An expat's prints cut to the core
The AIC honors Elizabeth Catlett


For the first time since the 1940s, Elizabeth Catlett returned to Chicago in November. In town to accept the first Legends and Legacy Award presented by the Art Institute, which recently acquired five new Catlett prints, the expat artist spoke to a packed house at the ceremony .
"In the paintings I'd seen of black women, they were either exotic, or they were waiting on someone," she told the crowd. "Where were the heroic women I knew in Harlem? The ones who were working and bringing up kids?"
Born in our nation's capital in 1915, Catlett grew up listening to her grandmother's accounts of slavery and her mother's stories of anguish in the slums of D.C. Catlett attended Howard University, where she studied with some of the legends of African-American art: James Lesesne Wells, James Porter and James Herring, to name a few. From there, Catlett taught for two years in the public schools of Durham, North Carolina, where she worked with future Supreme Court Justice Thurgood Marshall to gain equal pay for black teachers. Next, she was off to the University of Iowa for graduate studies.
"I'd never been around white people ever in my life," Catlett recalled.
One of two black students at Iowa, Catlett studied with Grant Wood who, aside from teaching her meticulous artistic processes, implored her to make art about that which she knew best. Catlett spent the summer of 1941 studying ceramics at the School of the Art Institute of Chicago, and lithography at the South Side Community Art Center, which was becoming the hub of the city's booming community of black artists.

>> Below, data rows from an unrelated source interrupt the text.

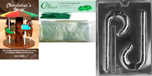 Cybrtrayd Candy Cane Chocolate Mold with Chocolatier's Bundle of 25 Cello Bags, 25 Green Twist Ties and Chocolatier's Guide
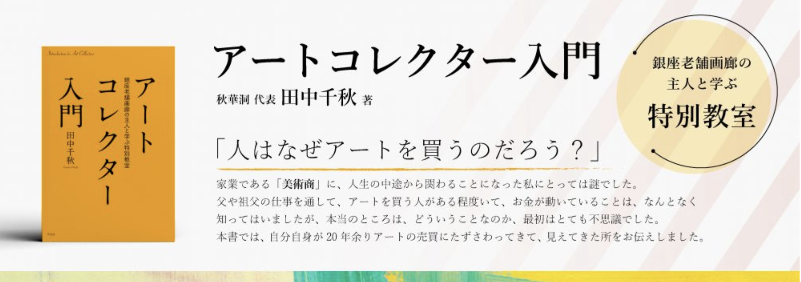 日本画・洋画・茶道具・浮世絵・現代アートに精通し、アートフェア出展や若手作家の発掘、美術館との連携にも尽力。著書『アートコレクター入門』などを通じ、美術の魅力を広く発信しています。
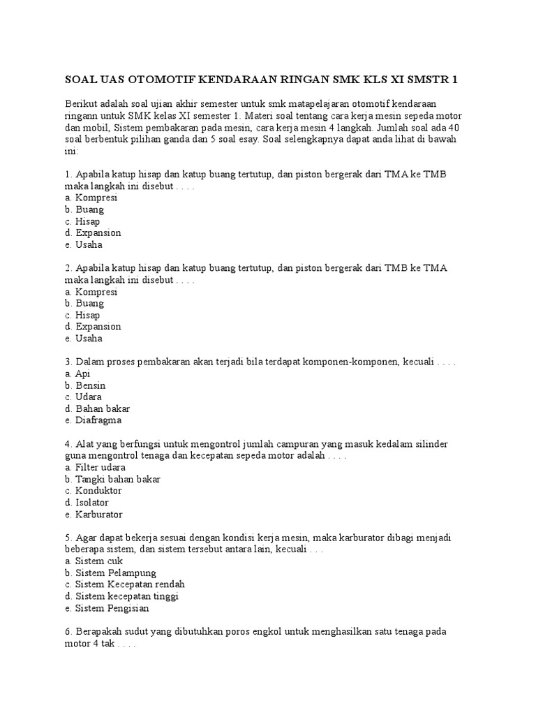Untuk mengunduh file gunakan tombol download yang tersedia. Tegangan total adalah 12 v, arus total adalah 35 a b. Home › soal dan jawaban › soal dan kunci jawaban › soal otomotif › soal tdo › soal uas otomotif. Pengenalan materi dan peralatan serta kelengkapan gambar teknik. Rencana pelaksanaan pembelajaran atau rpp merupakan salah satu komponen administrasi yang dibutuhkan oleh tenaga pendidik.
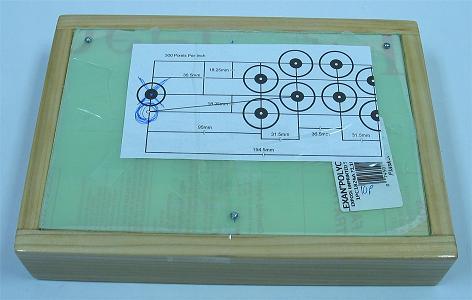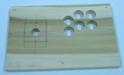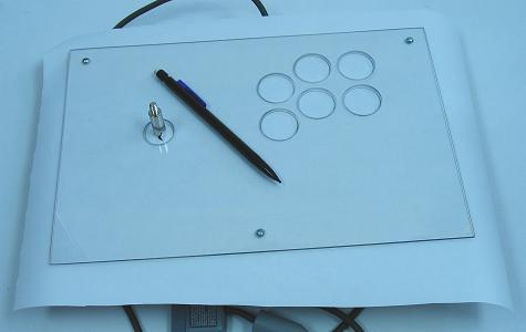 Using the clustered template I made and prefer, I printed out the design. I cut it smaller and positioned it on the box and panel until it suited a position I liked. I then taped it down and circled where I wanted the joystick. (I like the joystick near because I rest the side of my palm on the panel and the tip of my thumb on top of the joystick.)

In 1946, she received a Rosenwald Fellowship, which allowed her to travel to Mexico to work at the Taller de Grafica Popular (TGP) on what would become her best-known work: a series of 15 linoleum cuts titled The Negro Woman. In the series, three of which are on display, Catlett tells a story of strength through adversity using the first person. "I am the Negro Woman," reads the small handwriting on the bottom of the first image, a close-cropped linocut. "I have always worked hard in America" reveals the thankless work of those whose lives are spent in service of others. "In Harriet Tubman I helped hundreds to freedom" gives us an image of a larger-than-life Tubman, heroically pointing the way to a brighter future. Special Houses is a brooding image of two women outside what appears to be tenement housing.

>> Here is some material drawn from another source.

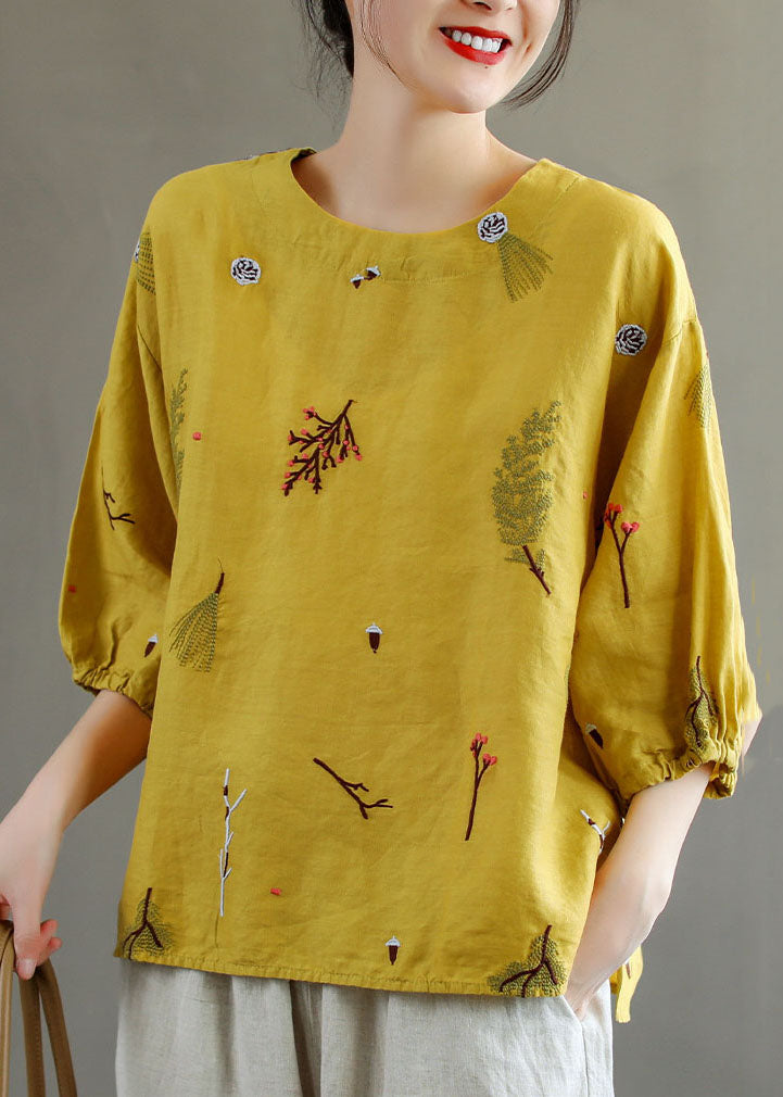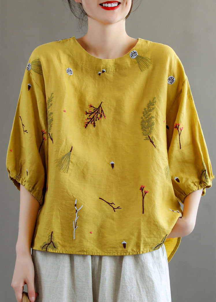 Camisetas de lino con cuello redondo y bordado de patchwork para mujer, color amarillo, para verano

The images Catlett produced at the TGP owe much to the Mexican muralist tradition. However, her relationship with the group would prove problematic as the TGP was labeled a "communist front organization" by the U.S., and she was barred from entering the States. Ironically, it was later the threat of deportation that led to her application for Mexican citizenship.
After considerable effort, Catlett was granted a visa to attend the opening of her solo show in Harlem in 1971. Inspired by the climate of black empowerment at the time, she renamed her famous series of linocuts, I Am the Black Woman.
Art scholar Melanie Anne Herzog writes in her biography of Catlett: "Informed by her transnational perspective, her prints from this period—now including serigraphs and monoprints—manifest the affinity Catlett felt for the Black Arts Movement's visual expression of black identity, pride in African ancestry, and the revolutionary promise of Black Power." This is not work that one typically finds at "the 'tute."
Does this long-overdue recognition for the 90-year-old Catlett mark a new era for the Eurocentric Art Institute of Chicago? Throughout the 20th century, its school has been the training ground for many of the nation's most revered black artists, yet they've been underrepresented by the museum. In the years to come, we're hoping not to look back on this tribute as tokenism, but as the beginning of a new era for Chicago's great museum.
"Elizabeth Catlett: In the Image of the People" is at the Art Institute through April 23.